Day 10: Sorrow

by ApophisOfficer



Category: The Magnus Archives (Podcast)
Genre: Original Statement, Other, Promptober 2019, Wordcount: 1.000-5.000
Language: English
Status: Completed
Published: 2019-10-11
Updated: 2019-10-11
Packaged: 2020-12-09 11:17:39
Rating: Teen And Up Audiences
Warnings: No Archive Warnings Apply
Chapters: 1
Words: 1,925
Publisher: archiveofourown.org
Story URL: https://archiveofourown.org/works/20993936
Author URL: https://archiveofourown.org/users/ApophisOfficer/pseuds/ApophisOfficer
Summary: Case #0120407Statement of Chloe BeningRegarding: A nighttime encounter with a creature they believe to have been a Siren.





	Day 10: Sorrow

Case #0120407

Statement of Chloe Bening 

Regarding: A nighttime encounter with a creature they believe to have been a Siren.

**-Statement Begin-**

I’m 23, just out of college and fresh into the world of actual adulthood. Really, I can barely resolve all the work I put into school with the terrible job in my field that I now have until I have enough experience to get a decent job in my field. I figured if I just kept my head down and did my job, eventually I’d get somewhere where a part of my life didn’t suck anymore.

Maybe I could have, if I just hadn’t gone to that bar with Katie. 

You see, my friend Katie had this boyfriend who fancied himself a singer. He’d gone to school for it and everything but if you asked anyone in a general audience, they’d tell you he should probably stick to the piano. Anyway, the boyfriend had gotten himself a steady gig playing for tips at a piano bar, where people got just drunk enough to not care if the singer was a little off key and went flatter every time he tried to hold a note. 

Normally, I wouldn’t have been caught dead in a piano bar, much less one with a mediocre music act but I had a crush on my friend Katie and even if it was never going anywhere, it made me weak to her requests.

So there I sat, listening to Katie’s mediocre boyfriend croon out mediocre music for tip money in a mostly empty piano bar and I’d just settled into my second drink when she approached. 

The woman was beautiful. Soft features framed by an undercut and an edgy leather jacket. She looked like she could kick my ass but wouldn’t because she was nice. Exactly my type. She hummed along to the music in a lyrical voice that had me entranced as soon as I heard it. 

She talked to me first, walked right up and started asking how my night was going. If I’d had any sort of sense, the fact that I was wearing ratty jeans and a zip up hoodie that had seen better days would have set off alarm bells about her interest in my head but I was already a glass deep, you know, and I had hope that she actually liked me. She was stunning, and you have to take your chances where they come. So my suspicious nature relaxed for a bit and when she suggested we blow the piano bar off for a more lively place down the street I could hardly refuse.
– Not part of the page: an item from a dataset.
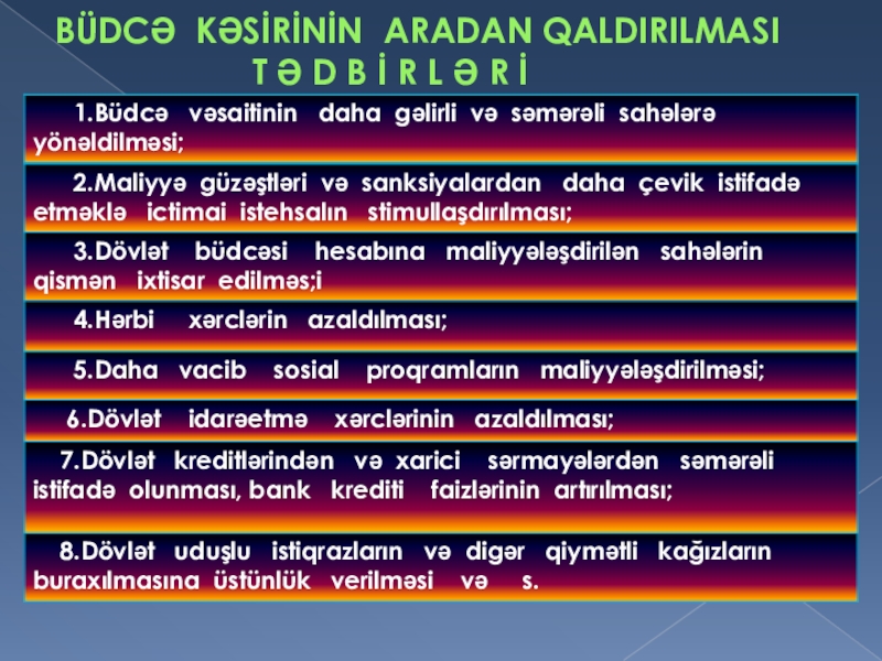 1.Müharibələrin, Təbii fəlakətlərlə əlaqədar xərclərin maliyyələşdirilməsi;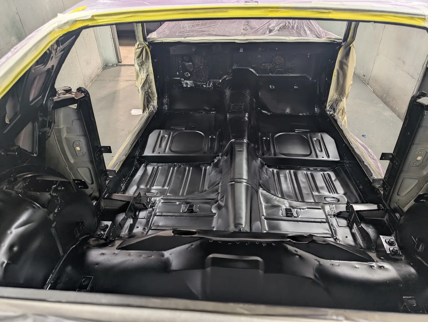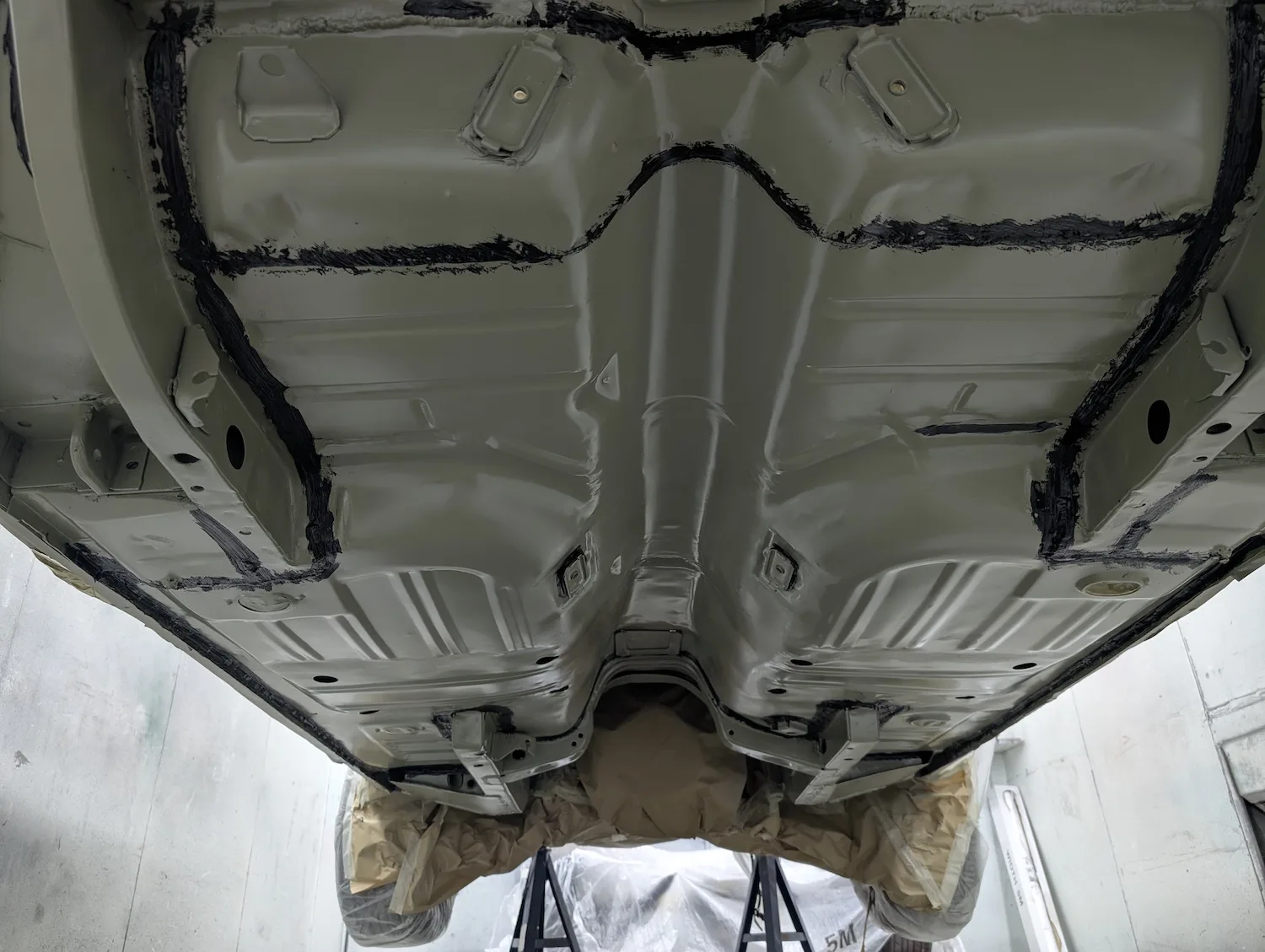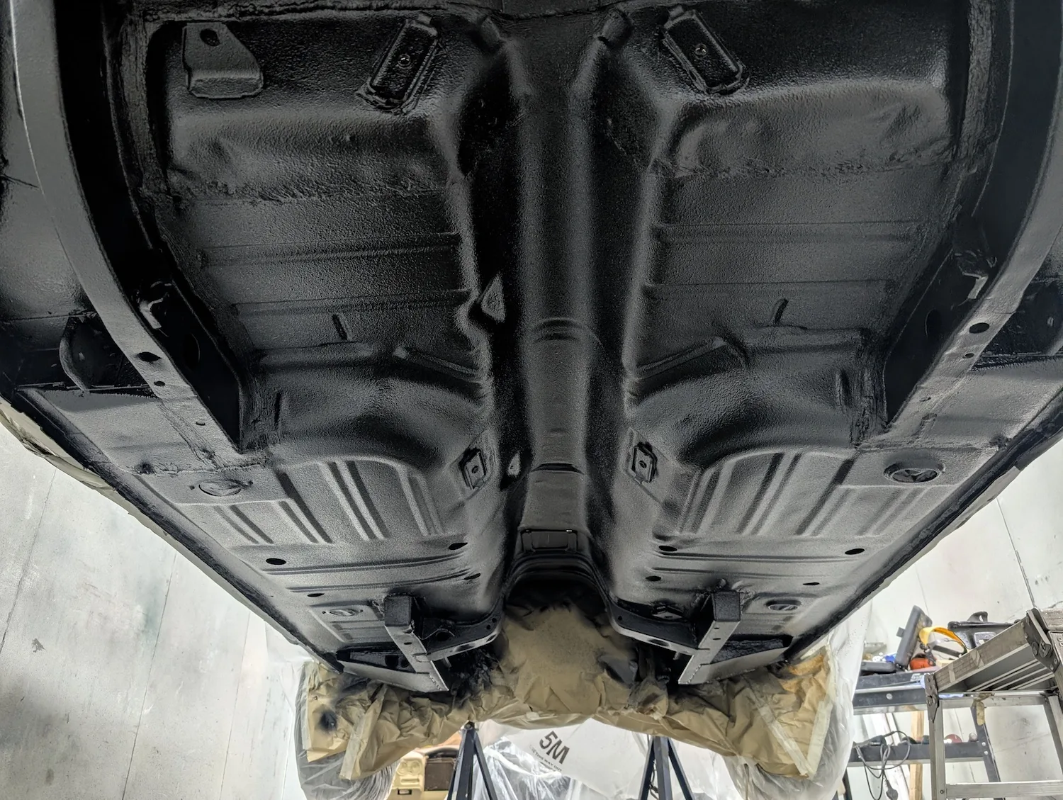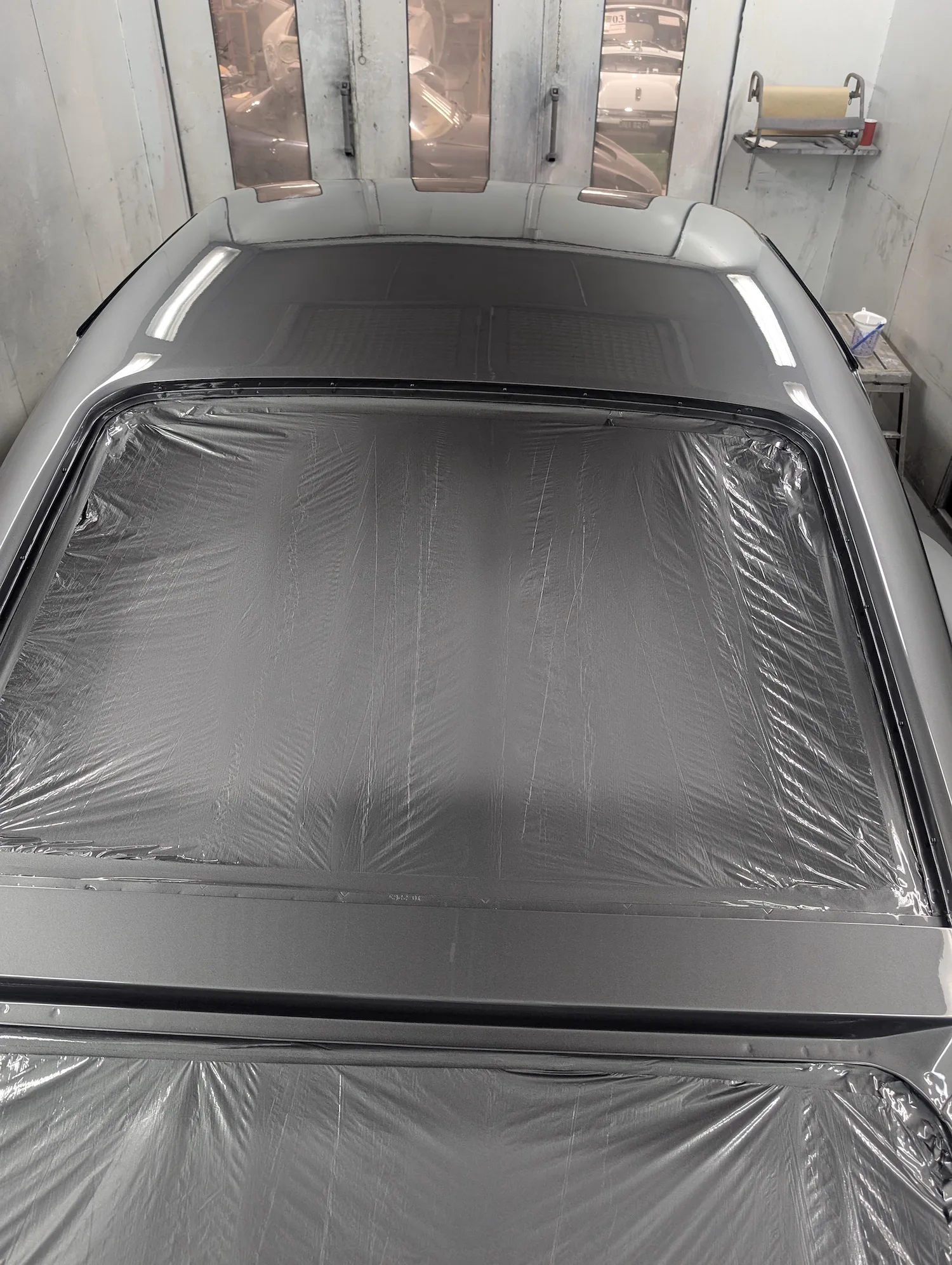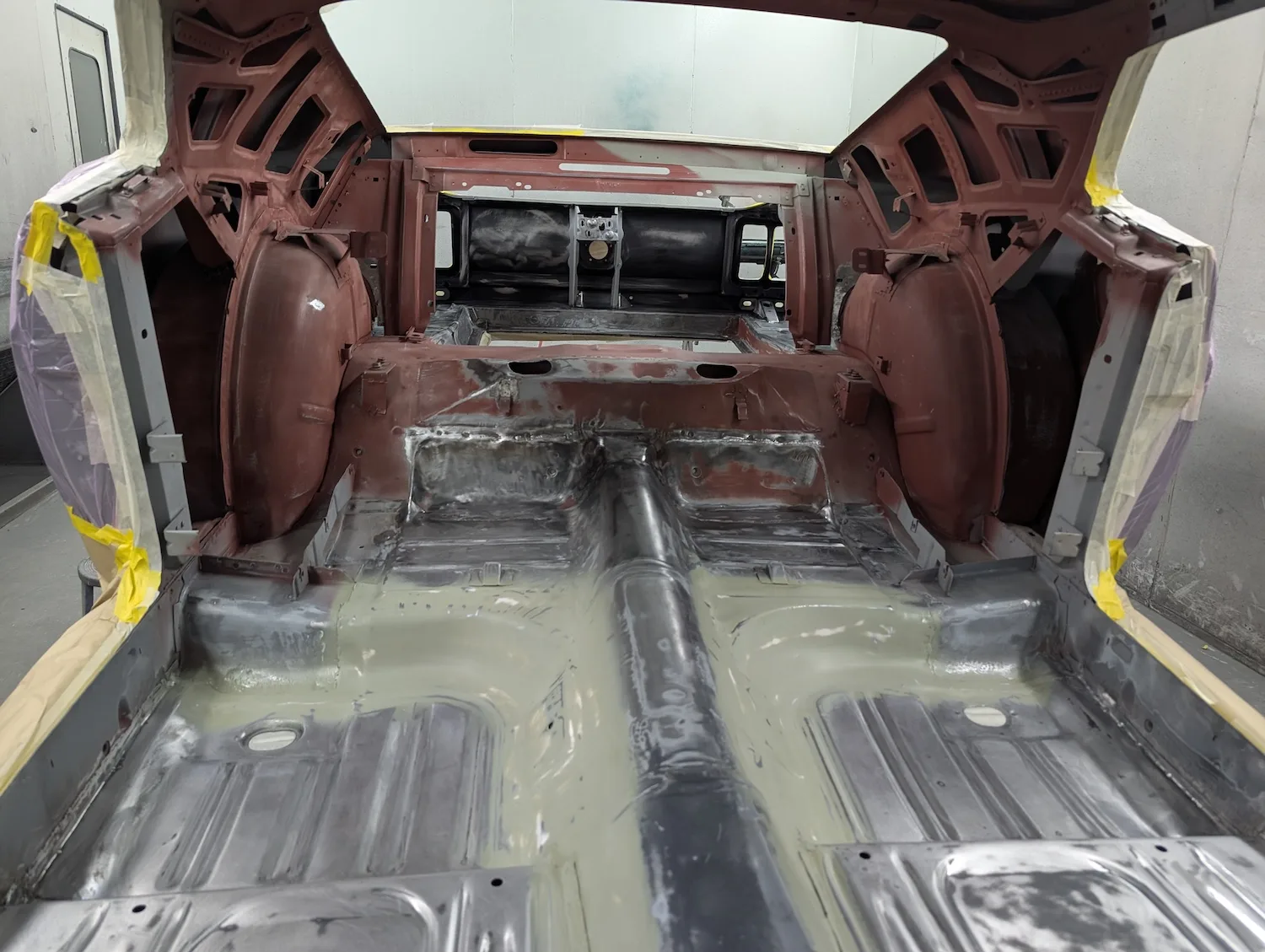5th December 2025: Spray filler blocked and final repairs done. Masked and now ready for final primer coats. A coat of isolator primer and 3 coats of spectral acrylic primer applied and it’s now ready to block the next step colour. Under floor tidied up, epoxy primed, sealed and Novol cobra underbody protection applied. Bonnet epoxy primed, new hinges fitted and finally bonnet fitted. Cabin painted. Prepped, masked, epoxy primed, sealed and painted matt black.

I knew Katie would be upset by me leaving early but I just couldn’t seem to care. I made threadbare excuses to my friends and followed the woman out the door. 

You know, I never did get a name out of her. She was good at redirecting away from that. I wonder if she even had one.

The walk around the block was where I started to regather some of my senses. I didn’t even know this woman’s name! Why was I following her in the dark to an unfamiliar bar, on my own no less? I knew better than this, how had I let attraction cloud my mind so thoroughly?

It was stupid and I knew it. I checked my jacket pockets for my phone and the mace attached to my keyring just to assure myself that the moment things got dicey, I could get myself out. 

It didn’t do much to soothe my nerves, but the walk wasn’t long and the bar we arrived at was crowded enough that if I kicked up a fuss at least someone would notice. Suddenly my concern was on the sign out front, reading Karaoke Night in cheerful letters. 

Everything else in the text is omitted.